April 1, 2025, Bhramit Pradesh: Harish had great
expectations when he voted for Indian Bhramits Party (IBP) four years back. He
does not really see many changes around him. Sieving emails from the distribution
list all-citizens-bhramit-pradesh@bhramit.pradesh.gov.in
he searches for Bhagola Prasad Marg. The pathetic roads had been much of a
nuisance. The elected representative had promised to do something about it.
Harish dug up a thread and found loads of discontent amongst his neighbours. He
shoots an email to the list seeking updates.
He spawns a new tab, browses to the Election
Commission Web Site and clicks on the ‘Government Report Card’ link. He sees the
promise of launching metro rail services in his city – the current status shows
a Bhramit Pradesh Metro Corporation (BPMC) coming into existence. That was four
years back. He sees all deadlines of the project missed.
He wonders if it is a good idea to repeat his ballot
in favour of IBP in the elections next month.
Over the past
two decades, India
has made good use of its growing command on IT. In fact, IT has single-handedly
triggered the growth of global centers like Bangalore
and Hyderabad .
IT has also had some impact on governments, local civic bodies and their
interactions with citizens. However, there is still much to be desired in this
space.
The
application of IT in any field necessarily enforces objectivity. Terms like
‘large amounts’ or ‘highly skilled’ stop making sense. Further, Open Source
models like Apache have demonstrated how volunteers can collaborate on shared
objectives with high levels of transparency. Today, under circumstances when increasingly
higher levels of governance transparency are in demand, IT offers innovative
possibilities of enforcing government accountability by tracking government
performance through ‘e-Report Cards’ and measuring adherence to its promises.
This kind
of tracking can be on an E2E (‘Election-to-Election’) basis, wherein the
tracking begins right from election campaigns including information on election
code violations, candidates with criminal records, net-worth and profile
declarations of individual candidates etc.
During
this phase, a huge leap would be the creation of ‘e-Manifestos’. E-Manifestos,
unlike ‘Human-Manifestos’, would be purely objective with measurable parameters
to determine the success of the government tenure. Manifestos may be surveyed
and a global ontology developed that can accommodate all government work areas.
Such non-normative classifications exist in manifestos even today.
An ‘e-Manifesto’
brings about the feasibility of tracking government performance on an ongoing
basis. This implies – government performance could be measured by something
similar to Report Cards. Integration of this system with existing Government
Systems under the NeGP initiative could enable it to pull relevant information
from diverse systems automatically.
This same
platform could also be a means of citizen collaboration. Numbers bring power
and there is no better way for information to flow through than the Internet.
‘Citizen-Collaboration Mailing Lists’ for such communication could enable
citizens to participate constructively – share information and ideas between
themselves or with government bodies.

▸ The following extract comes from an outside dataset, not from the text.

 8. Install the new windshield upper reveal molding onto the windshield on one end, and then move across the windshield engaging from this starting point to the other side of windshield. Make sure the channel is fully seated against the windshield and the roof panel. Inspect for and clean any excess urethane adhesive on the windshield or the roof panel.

This could serve as a perpetual feedback
for elected representatives.
Leveraging
an awakened citizen base, a social collaboration between the government and
philanthropic private sector could bring about path breaking e-Democracies.

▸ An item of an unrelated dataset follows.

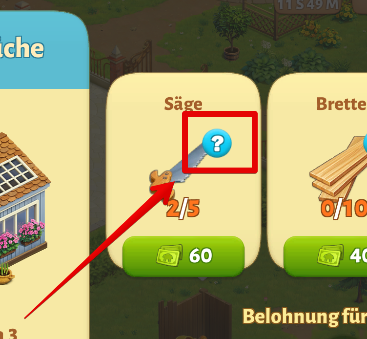 Wenn Sie nicht wissen, wie Sie einen bestimmten Artikel erhalten können, tippen Sie auf das "?" Hinweis-Schaltfläche, um zu sehen, wo Sie ihn erhalten können.

Governance will no longer be the same.
June 12, 2025, Bhramit Pradesh: The
all-citizens-Bhramit-Pradesh list looks quite disillusioned with the
government. Harish did his bit in reminding the citizens of promises unmet. Having
cast his vote on the Internet, he joins his friends to conduct a Web-Conference
based training session to educate his neighbourhood of ‘e-Ballot’. From Pericles
in 5th century BC to the 21st century AD – democracy has
journeyed a great deal. Exciting times indeed!